Synaphea stenoloba
- Conservation status: Declared rare (DEC)

Scientific classification
- Kingdom: Plantae
- Clade: Embryophytes
- Clade: Tracheophytes
- Clade: Spermatophytes
- Clade: Angiosperms
- Clade: Eudicots
- Order: Proteales
- Family: Proteaceae
- Genus: Synaphea
- Species: S. stenoloba
- Binomial name: Synaphea stenoloba A.S.George

= Synaphea stenoloba =

- Genus: Synaphea
- Species: stenoloba
- Authority: A.S.George
- Conservation status: R

Species of Australian shrub in the family Proteaceae

Synaphea stenoloba is a species of flowering plant in the family Proteaceae and is only known from a few locations in the south-west of Western Australia. It is a shrub with many hairy stems, tripinnatipartite leaves, the end lobes erect, and spikes much longer than the foliage with crowded, yellow flowers.

==Description==
Synaphea stenoloba is a tufted shrub that typically grows to a height of 30–45 cm and has many stems covered with soft hairs. The leaves are tripinnatipartite, 50–180 mm long and 29–90 mm wide on a petiole 50–270 mm long, each lobe divided three times, the end lobes erect, linear, 1–2 mm wide. The flowers are yellow and crowded on spikes much longer than the foliage, up to 100–150 mm long on a sometimes branched peduncle 100–180 mm long. The bracts are egg-shaped, 1.0–1.5 mm long and glabrous. The perianth opens more or less widely, the upper tepal 4.5–5.0 mm long and 2 mm wide and the lower tepal about 3.5 mm long. The stigma is egg-shaped and lobed, 1 mm long and 1.0–1.2 mm wide and the ovary is covered with soft hairs. Flowering occurs in September and October, and the fruit is oval, 6 mm long and covered with short hairs.

==Taxonomy==
Synaphea stenoloba was first formally described in 1995 by Alex George in the Flora of Australia from specimens he collected north-east of Pinjarra in 1993. The specific epithet (stenoloba) means 'narrow-lobed', referring to the leaf lobes.

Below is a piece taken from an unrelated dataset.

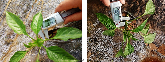 試驗組與對照組同時用肥,試驗組與對照組相比,莖稈增加0.36mm,即試驗組辣椒苗更加健壯。

==Distribution and habitat==
This species of Synaphea is found on winter wet flats with low heath sedgeland and on granite outcrops in several small locations near Pinjarra in the Swan Coastal Plain bioregion of south-western Western Australia.

==Conservation status==
Synaphea stenoloba is listed as Threatened under the Biodiversity Conservation Act 2016.